Константин Иванович совсем растерялся, не зная, что и делать. И вот однажды, совсем неожиданно, приехал отец Ники.

Это было после вечернего чая. Вышел из дому, смотрю: он с Серафимом под руку гуляет у пруда. Ника не знала еще, что он приехал, и ее тут не было. Я сразу же почувствовал — не зря он приехал. Вспомнил сон свой, как он топал и кричал на меня и хотел ударить о землю, и подумал со злостью:

«Пусть, пусть, я сумею ему ответить!»

Я и обозлился и струсил. Неприятно мне было! Дойдет эта история до моих родителей, и упреков, разговоров будет на сто лет! А главное, мне было обидно: из-за чего сыр-бор-то загорается? Ведь ничего же плохого-то не было! За что судить и казнить-то меня?.

Вот они повернули от пруда и шли теперь прямо ко мне. Я нарочно стоял на виду на лестнице и ждал — не хотел скрываться. Они подошли, и я с удивлением увидел, что оба они веселые и разговаривают совсем не о том, о чем я думал. У меня отлегло от сердца. Я поздоровался.

— А где Ника? — спросил отец.

— Не знаю. Позвать ее?

— Нет, не надо. Пойдем в парк, может быть, она там.

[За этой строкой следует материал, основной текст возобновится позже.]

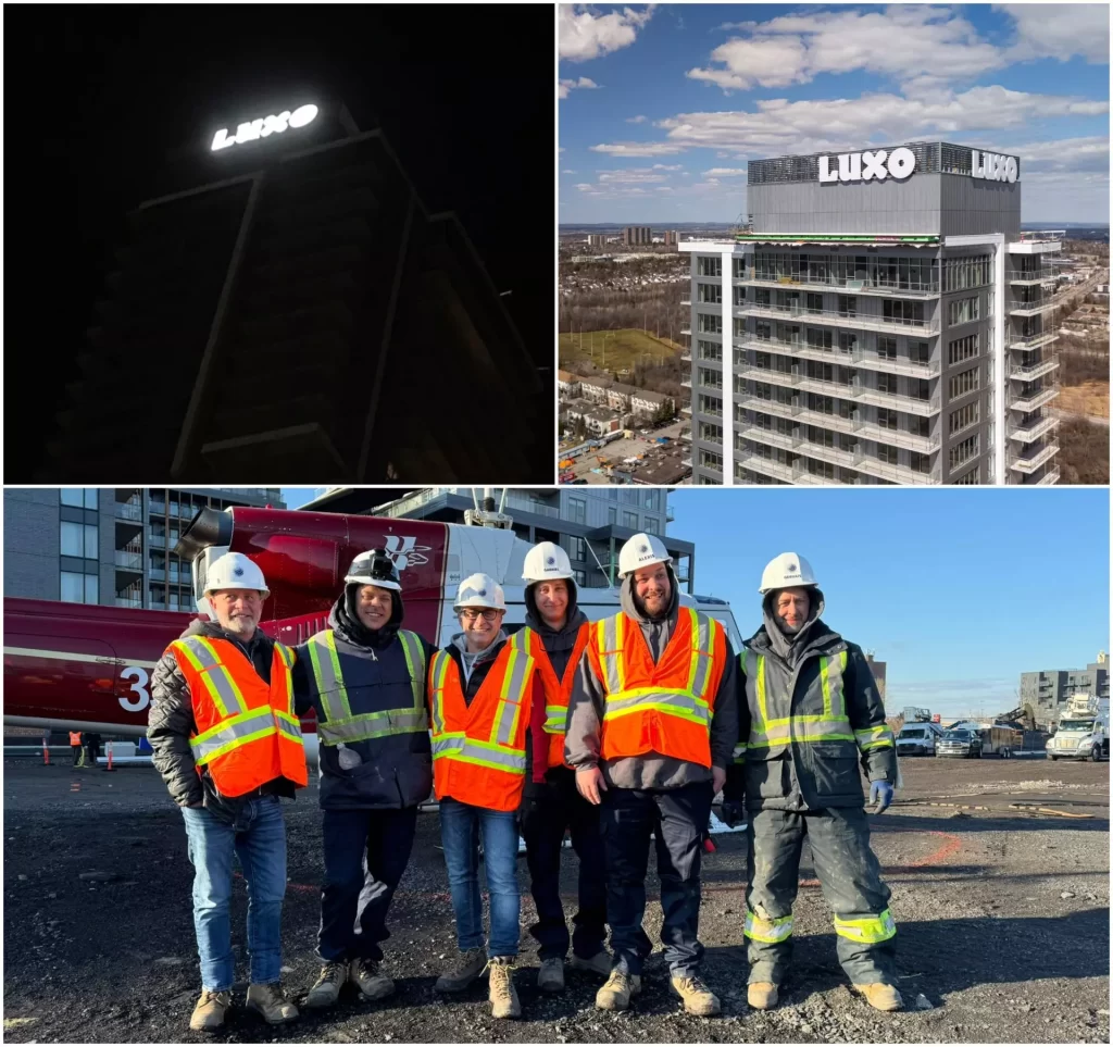 In June 2023, DMA approached Posimage with the request: develop and install three series of eight-foot-high illuminated channel letters, perched an astounding 111.8 m (367 ft) above ground level. The signage would become the defining crown of the new LUXO tower. A second phase—featuring a pylon and additional ground-level channel letters—is scheduled for 2026.
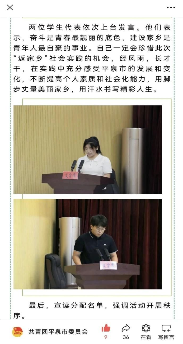 在返家乡暑期实践期间,我在做好新闻科日常工作的同时,也积极参加了团平泉市委举办的各项活动,例如“传递红色印记,传递时代新声”红色主题阅读宣讲活动、暑期返家乡研学活动、“讲七夕文化,悟传统内涵”文化讲座活动、协助组织青年夜校等等。

Он взял меня под руку. Серафим остался, а мы пошли.

Он не торопился отыскивать Нику, шел медленно, здороваясь с ребятами, встречавшимися нам по дороге.

Когда мы дошли до конца аллеи, до скамейки, где никого не было, он предложил посидеть немного. Мы сели. Я насторожился.

«Ну, сейчас, сейчас начнется!» подумал я.

И знакомое, тягостное, столько раз испытанное во время объяснений с родителями чувство раздражения, негодования, обиды и злости охватило меня. Я приготовился отвечать ему резко, дерзко.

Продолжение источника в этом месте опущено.